* **DESCRIPTION OF THE TASK**:
Write out the records beneath this line exactly as they appear, minus any images.

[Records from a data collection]

______________________________

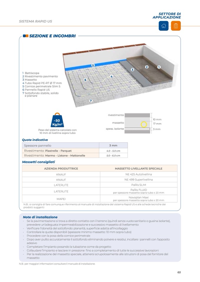 N.B.: si consiglia di fare comunque riferimento al manuale di installazione del sistema Rapid US e alle schede tecniche dei
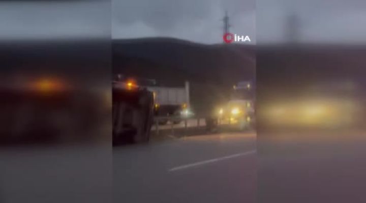 Bursa'da kontrolden çıkan tırın bariyerlere çarparak yan yattığı kazada 1 kişinin yaralandığı belirtildi.
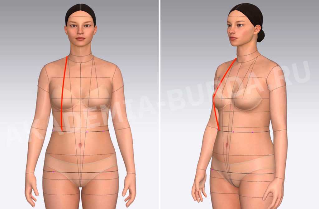 Впк (высота плеча косая) — измеряется от конечной плечевой точки до пересечения линии талии с позвоночником. При данном измерении лучше использовать плечевую накладку.
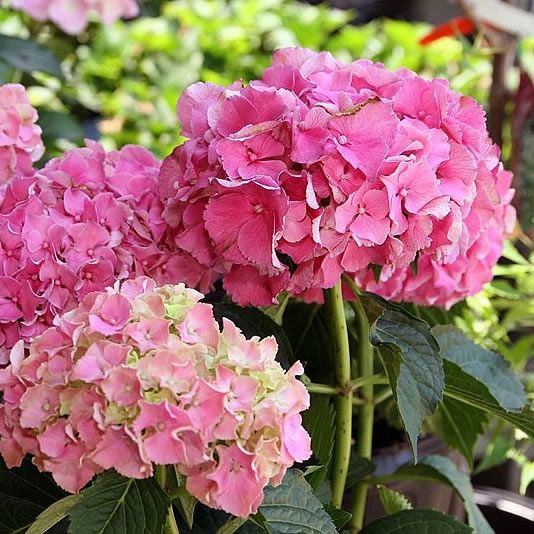 A bushy, relatively compact, deciduous hydrangea, with glossy, slightly toothed mid to dark green leaves that are tinted red in autumn. Large, rounded, flower-heads are dark pink on alkaline soil or lighter pink in acidic soil. Flowers are produced from mid to late summer. Its compact growing habit makes it suitable for a container.
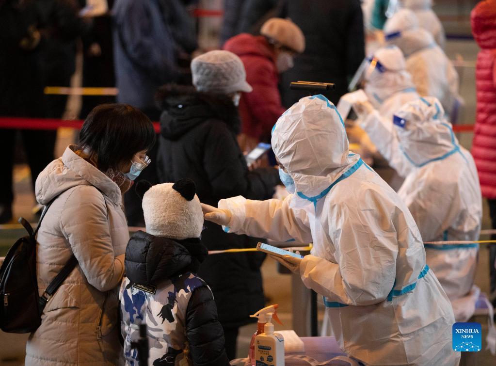 Medical workers register information of residents for nucleic acid testing at a sampling site in Xiangfang District of Harbin City, northeast China's Heilongjiang Province, Dec. 2, 2021. Harbin launched the first round of all-inclusive nucleic acid testing in some areas on Thursday since new locally transmitted confirmed COVID-19 cases were reported. (Xinhua/Zhang Tao)

______________________________

* **SOLUTION BELOW**:
 N.B.: si consiglia di fare comunque riferimento al manuale di installazione del sistema Rapid US e alle schede tecniche dei
 Bursa'da kontrolden çıkan tırın bariyerlere çarparak yan yattığı kazada 1 kişinin yaralandığı belirtildi.
 Впк (высота плеча косая) — измеряется от конечной плечевой точки до пересечения линии талии с позвоночником. При данном измерении лучше использовать плечевую накладку.
 A bushy, relatively compact, deciduous hydrangea, with glossy, slightly toothed mid to dark green leaves that are tinted red in autumn. Large, rounded, flower-heads are dark pink on alkaline soil or lighter pink in acidic soil. Flowers are produced from mid to late summer. Its compact growing habit makes it suitable for a container.
 Medical workers register information of residents for nucleic acid testing at a sampling site in Xiangfang District of Harbin City, northeast China's Heilongjiang Province, Dec. 2, 2021. Harbin launched the first round of all-inclusive nucleic acid testing in some areas on Thursday since new locally transmitted confirmed COVID-19 cases were reported. (Xinhua/Zhang Tao)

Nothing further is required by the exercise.